Go Down

Topic: dhcp request (ethernet.begin(mac)) hangs in parseDHCPResponse of Dhcp.cpp (Read 5364 times) previous topic - next topic

DanH

Hi,

First, as a first time poster I'd just like to state that the arduino hardware, software, libraries, and user communities are fantastic. I'm truly amazed at the quality.

I am planning to use an arduino to monitor power buses for our computer room in a fortune 500 company. I purchased an ethernet shield a while back and ran a couple of the examples and everything ran properly out of the box (the primary test being UdpNtpClient).

I finally brought the hardware into the office and started trying to make it work here. Ethernet.begin(mac) failed (hung) right off the bat. I temporarily bypassed the problem by using static IP addressing, but it troubled me DHCP wasn't working so I came back to figure it out.

I found that the call to DHCPResponse never returned. Digging in deeper I found that this procedure would continue attempting to process DHCP options after the end option ($FF) was hit.

when endoption is parsed, it just drops out of the switch statement:
                case endOption :
                    break;

there *should* be nothing left in the buffer at this time, so the while loop should exit:
        while (_dhcpUdpSocket.available() > 0)

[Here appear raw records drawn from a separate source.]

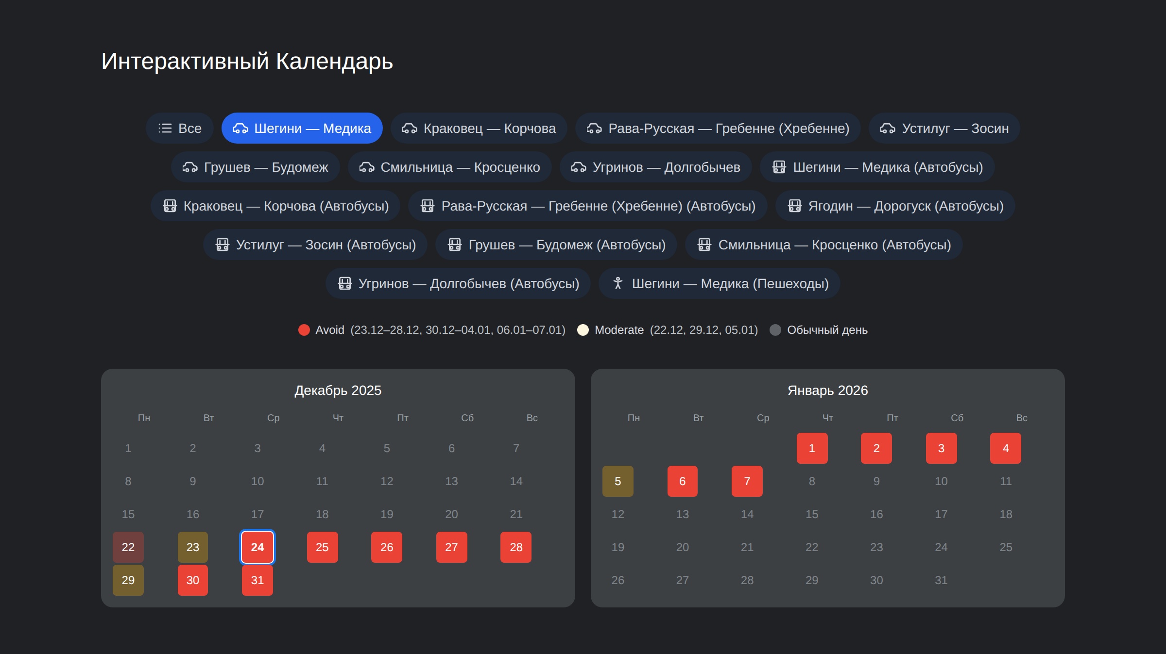Avoid these days: 6, 7, 22, 23, 24, 25, 31 (up to 420+ хв). Peak days — Christmas Eve, New Year's.
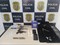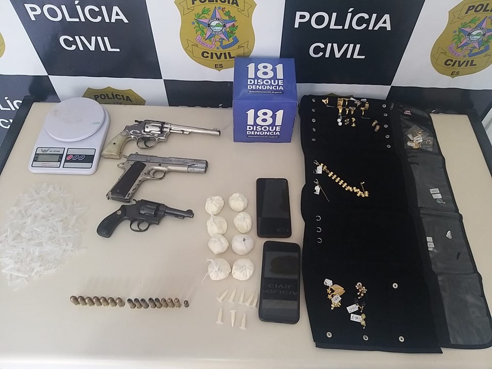 No local, a polícia apreendeu uma pistola Colt, calibre .45, um revólver, calibre 38, um revólver, calibre 32, oito munições calibre 38, sete munições calibre 45, uma munição calibre 32, além de uma balança de precisão, oito porções de cocaína, pesando aproximadamente 195 gramas, oito pinos de cocaína, 158 de pinos vazios utilizados para envase de cocaína e diversas peças de semijoias com etiquetas.
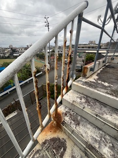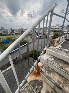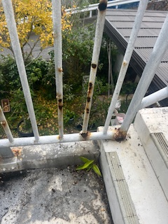 こんにちは今回は個人のお客様からのご依頼で3階部分の外手摺り修繕工事

BUT for some reason it doesn't. I examined the packet with a protocol analyzer, and there is nothing in the packet after the FF option.

I don't understand what is happening well enough to figure out why the buffer isn't empty but I am able to make it empty by modifying  the endOption case like this:

                case endOption :
                    _dhcpUdpSocket.flush();
                    break;

This works and DHCP no longer hangs when I use our work DHCP server.

I can only guess the reason the original DHCP.cpp code works at home and not in the office has something to do with the options the office dhcp server transmits. It transmits these options: 53, 1, 58, 59, 51, 54, 3, 16, 14, $FF.

My 'fix' works, but it doesn't address the underlying reason as to why either the buffer isn't empty or the function at least doesn't think it is empty.

Dan



SurferTim

It probably thinks it has stuff in the rx buffer when it is empty. The "605 Bug" is the most likely suspect. It affects about all ethernet functions, including udp and dhcp.
http://code.google.com/p/arduino/issues/detail?id=605

Here is a thread where another user had about the same problem with dhcp:
http://arduino.cc/forum/index.php/topic,93623.0.html

DanH

Thanks for the response.

It sounded like this should fix the problem, yet somehow doesn't. I spent the afternoon trying to figure out the problem myself. Even with your change, when I first get back the DHCPOffer packet, it reports 614 bytes in the UDP part of the packet. Looking at wireshark the correct size should have been 311.

Here is how I examine the size of the udp packet (see Serial.println):

Code: [Select]
uint8_t DhcpClass::parseDHCPResponse(unsigned long responseTimeout, uint32_t& transactionId)
{
uint16_t avail;
    uint16_t cc = 0;
    uint8_t type = 0;
    uint8_t opt_len = 0;

    unsigned long startTime = millis();

    while((avail = _dhcpUdpSocket.parsePacket()) <= 0)
    {
        if((millis() - startTime) > responseTimeout)
        {
            return 255;
        }
        delay(50);
    }
    // start reading in the packet
    RIP_MSG_FIXED fixedMsg;
    Serial.print("~bytes at top of parseDHCPResponse=");Serial.println(_dhcpUdpSocket.available());
    _dhcpUdpSocket.read((uint8_t*)&fixedMsg, sizeof(RIP_MSG_FIXED));


I checked  this all the way to the code you suggest modifying and it returns what I see here.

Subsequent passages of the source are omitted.